***** RAW DATA

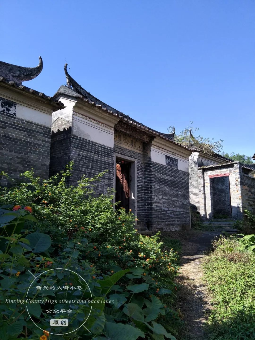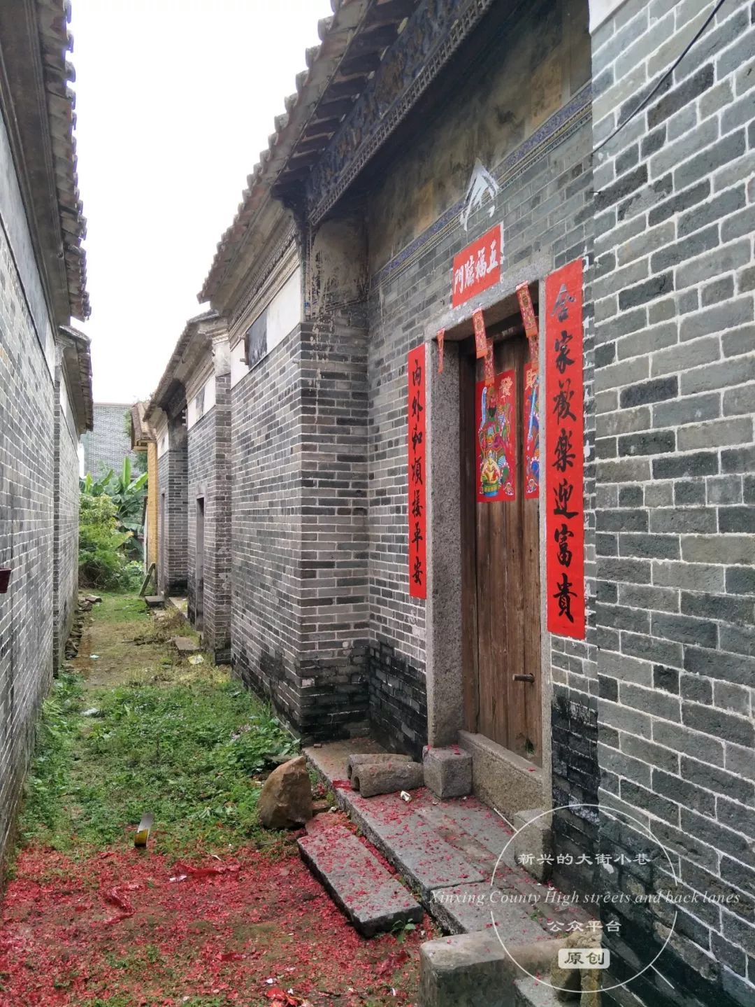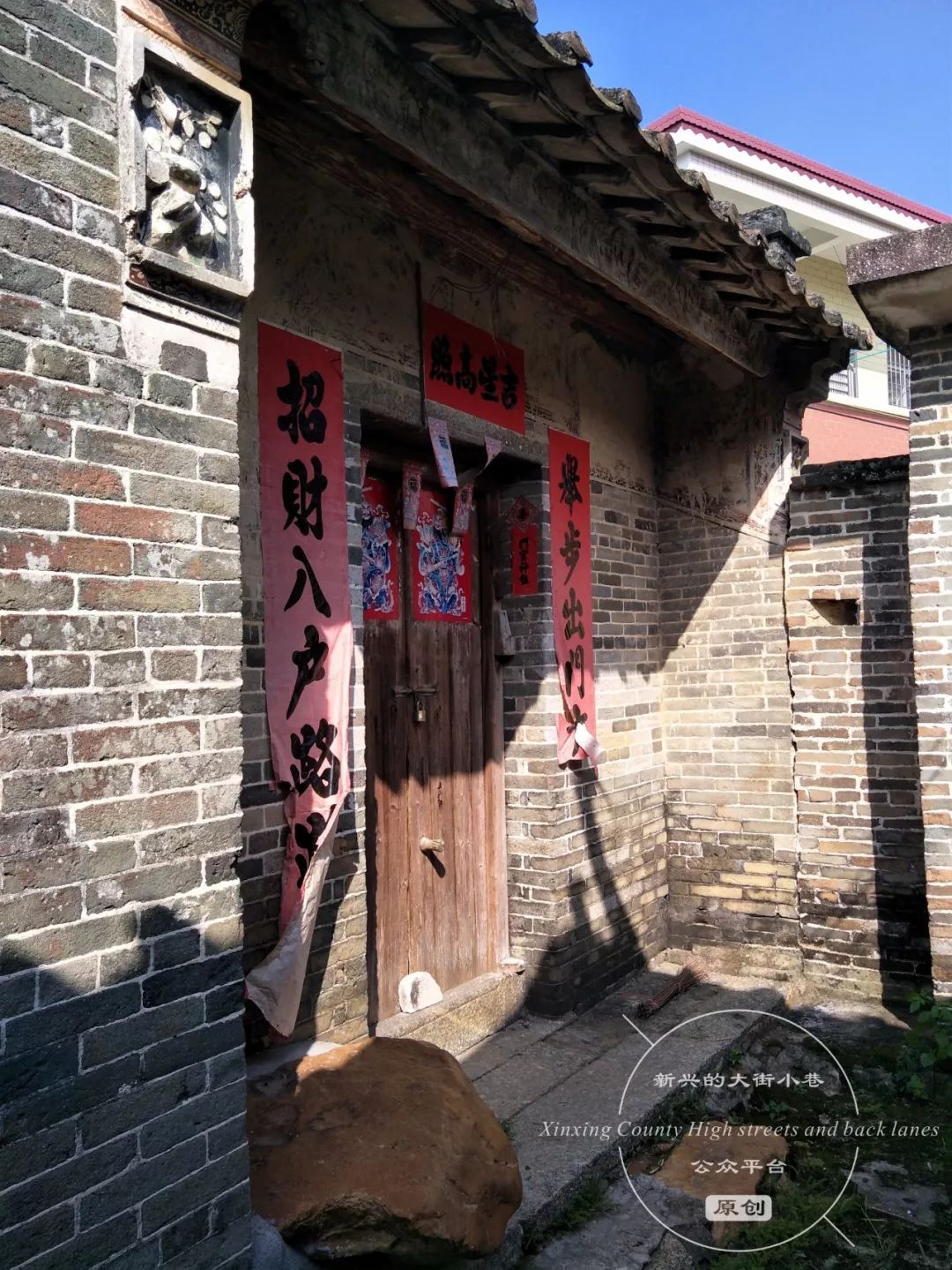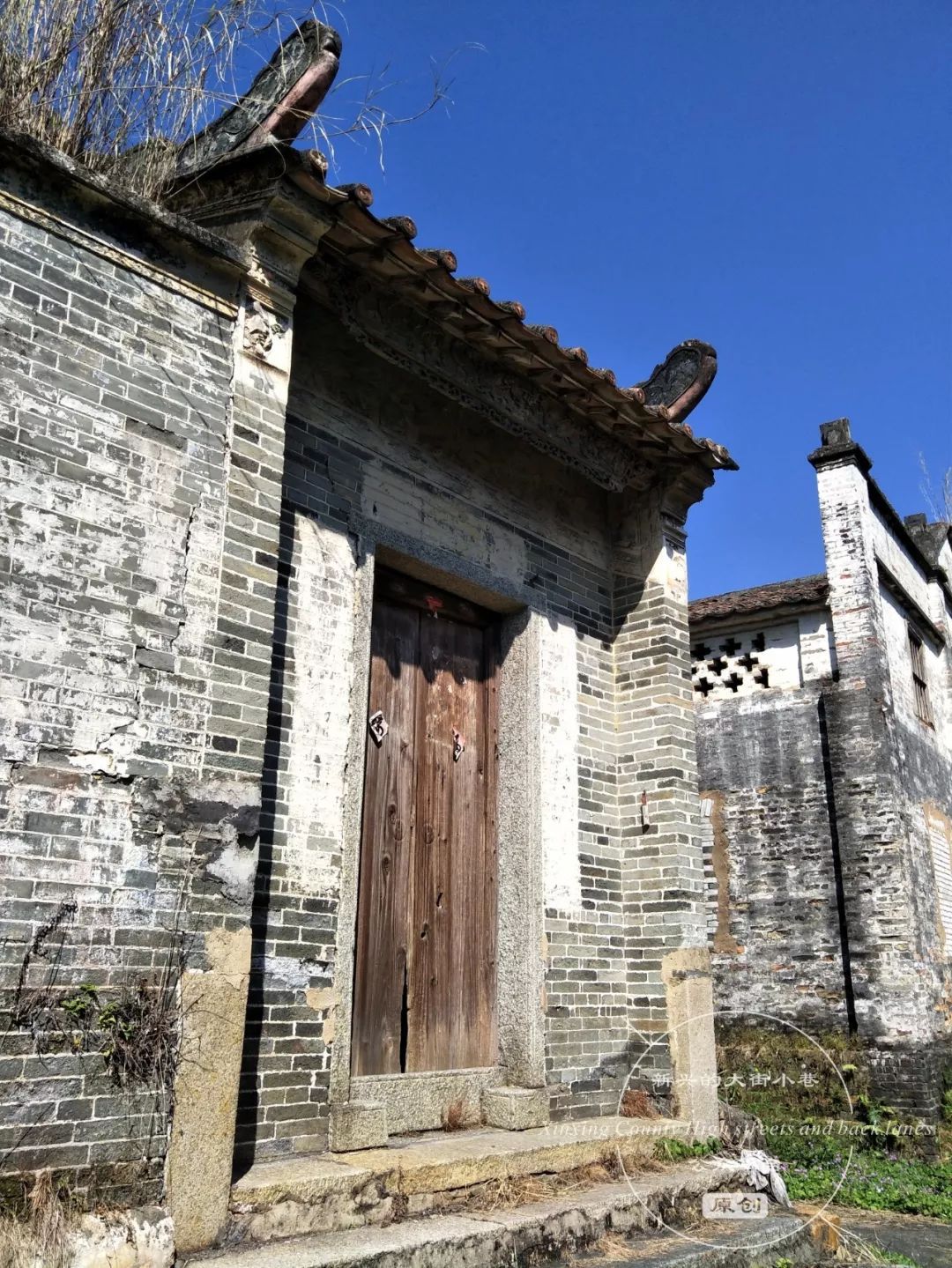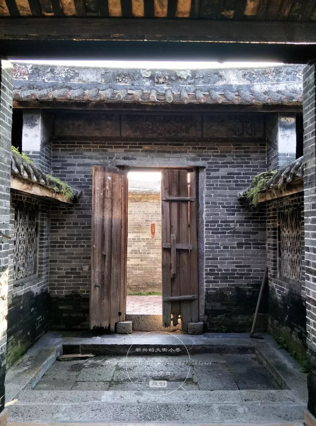 沿着陈振诚大屋一旁的小巷往前走,在巷口牌坊处的右侧,有一处显眼的庭院。四周是约两米高的围墙,围墙和院门是上世纪八九十年代加建的。推开院门,里面是一个面积约十几平方米的小庭院,庭院内侧是一座两进的青砖大屋。
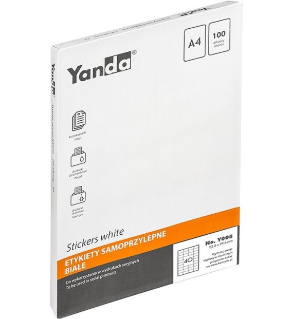 Etykieta samoprzylepna Y005 A4 biała [mm:] 52,5x29,6 Yanda (150-1482)
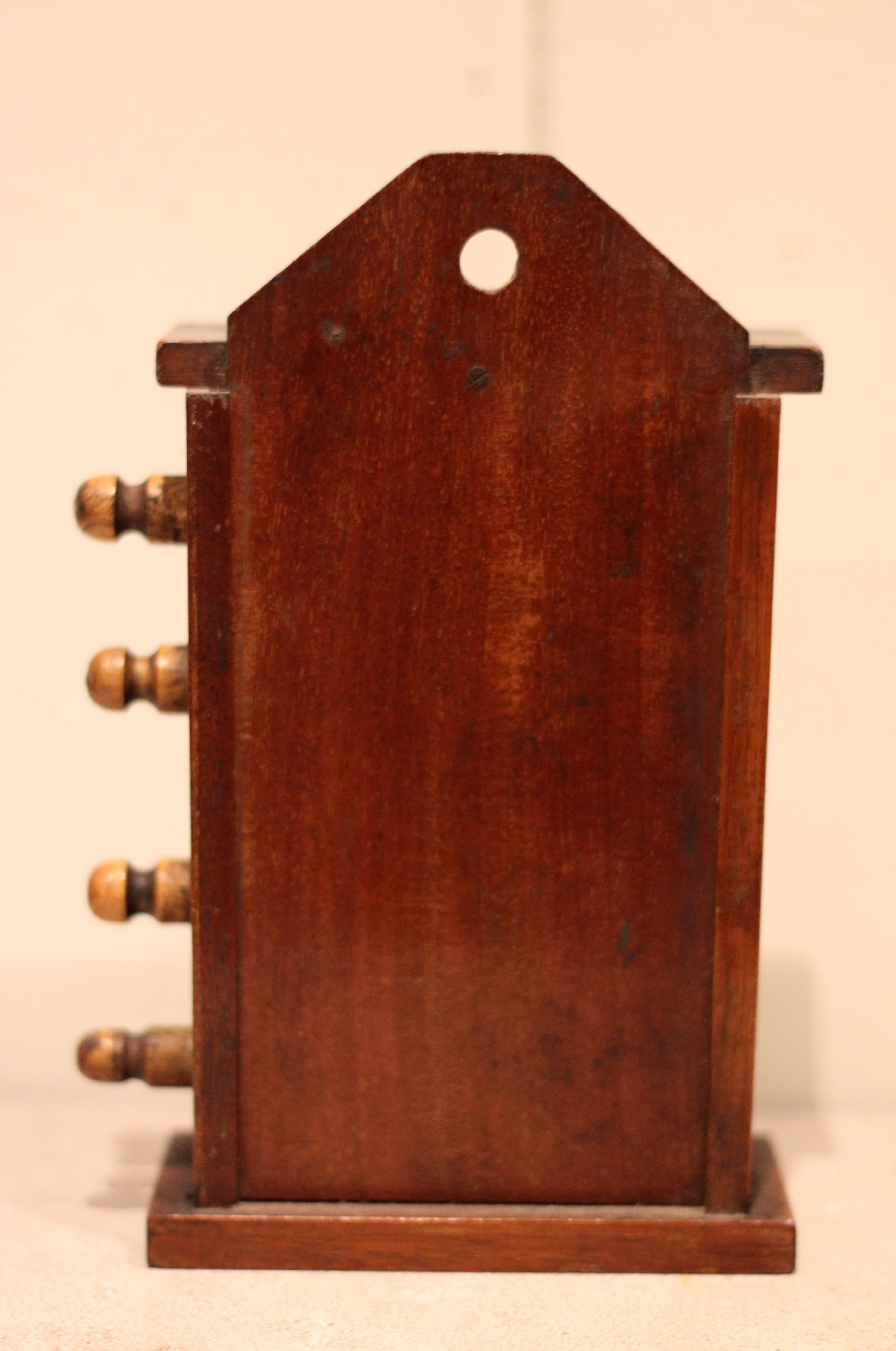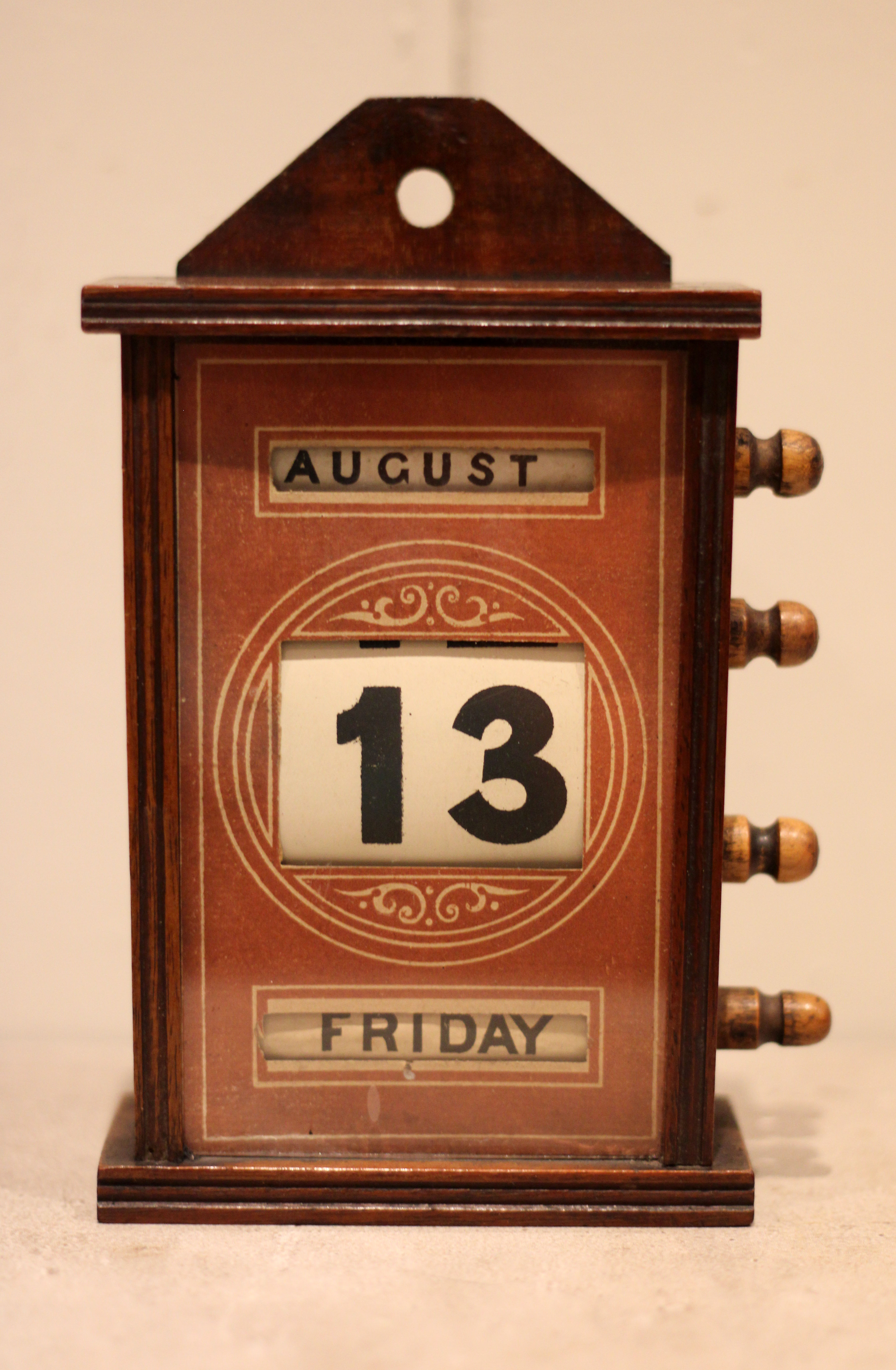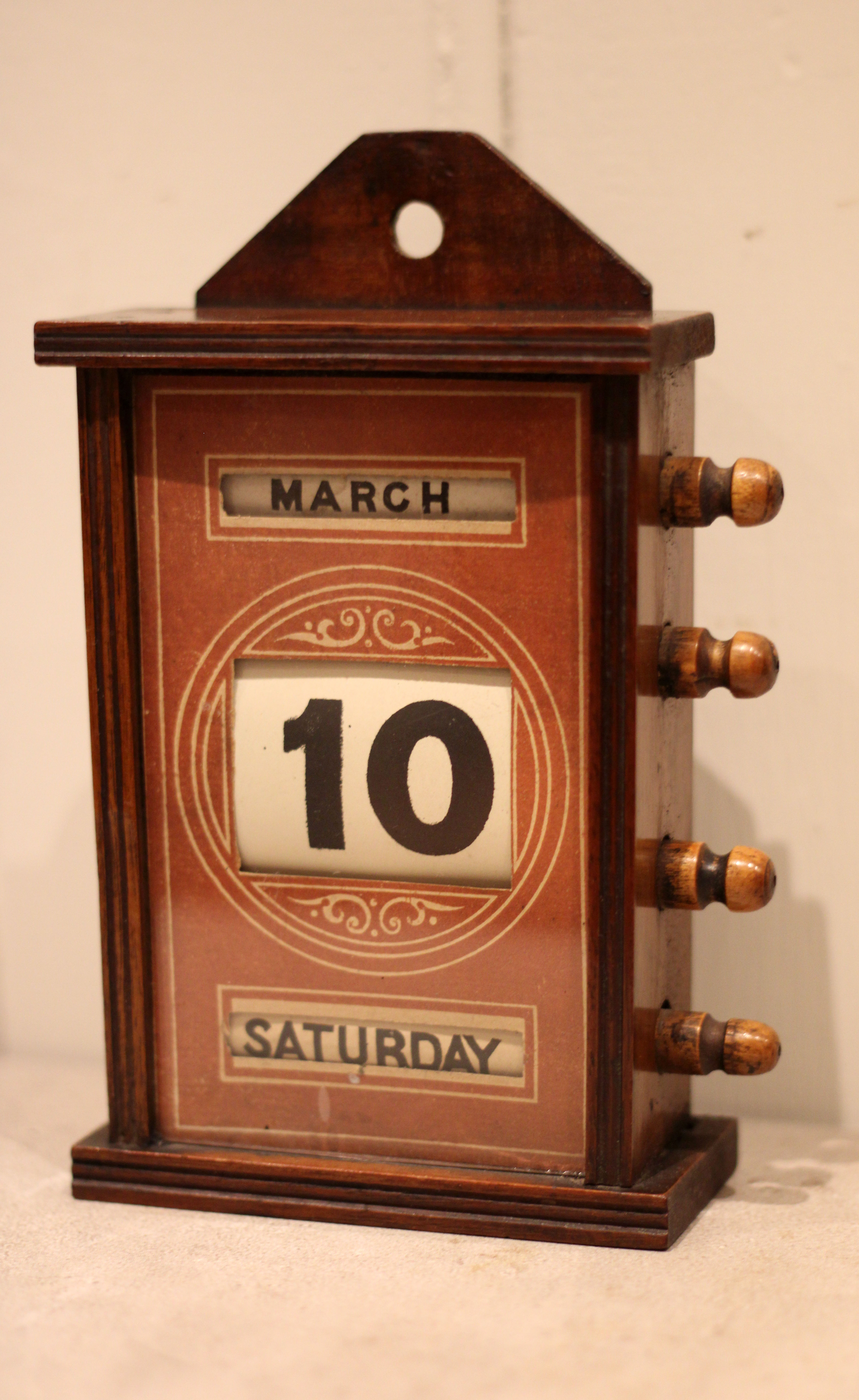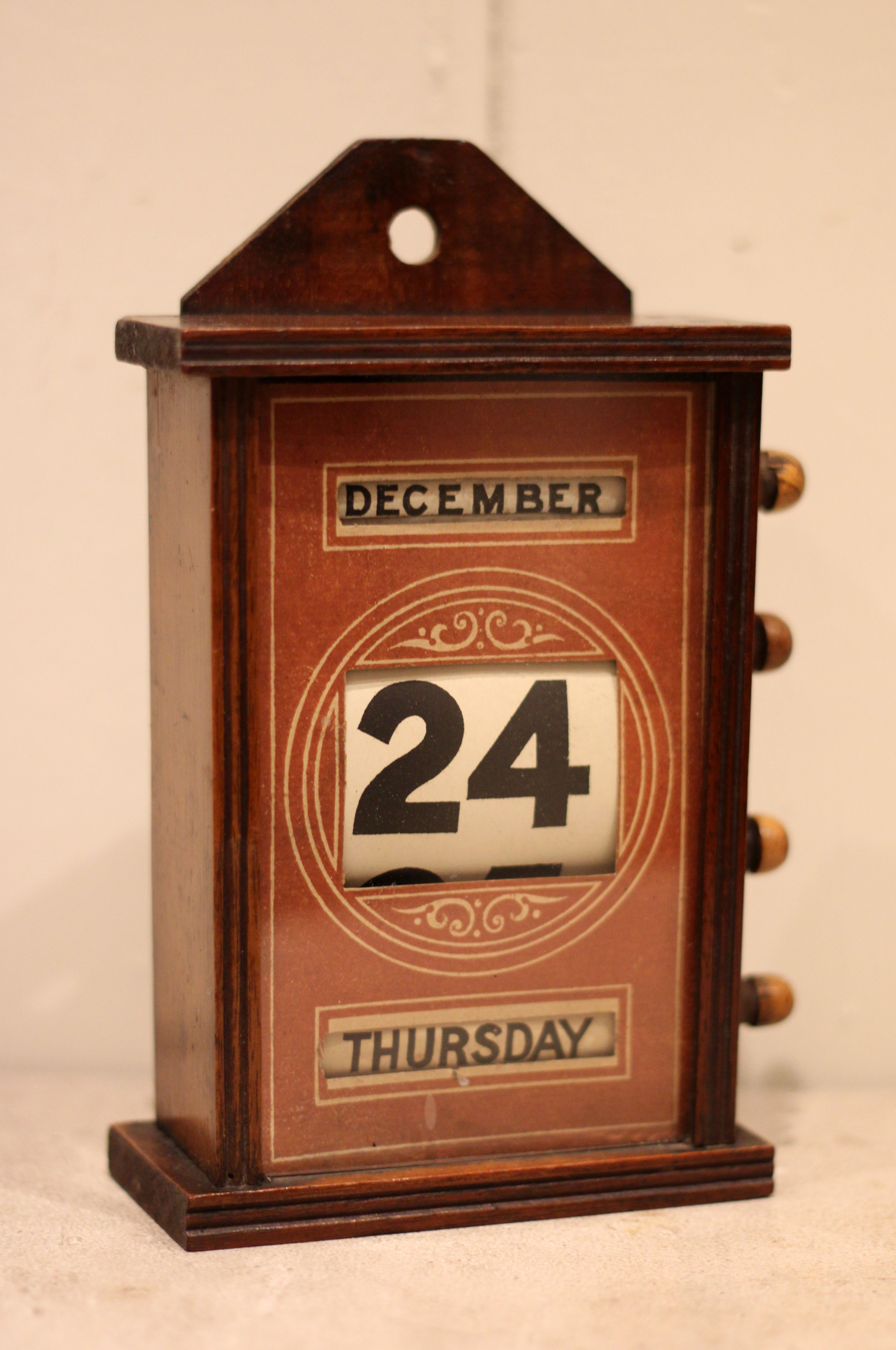 Late 19th Century mahogany desk calendar having , glazed viewing windows and wooden adjusters to the side , with the original painted spools , raised on a plinth base .

**********

WORK TO COMPLETE: In the copy, include no pictures; restate the listing above exactly.

PROBLEM SOLUTION:
 沿着陈振诚大屋一旁的小巷往前走,在巷口牌坊处的右侧,有一处显眼的庭院。四周是约两米高的围墙,围墙和院门是上世纪八九十年代加建的。推开院门,里面是一个面积约十几平方米的小庭院,庭院内侧是一座两进的青砖大屋。
 Etykieta samoprzylepna Y005 A4 biała [mm:] 52,5x29,6 Yanda (150-1482)
 Late 19th Century mahogany desk calendar having , glazed viewing windows and wooden adjusters to the side , with the original painted spools , raised on a plinth base .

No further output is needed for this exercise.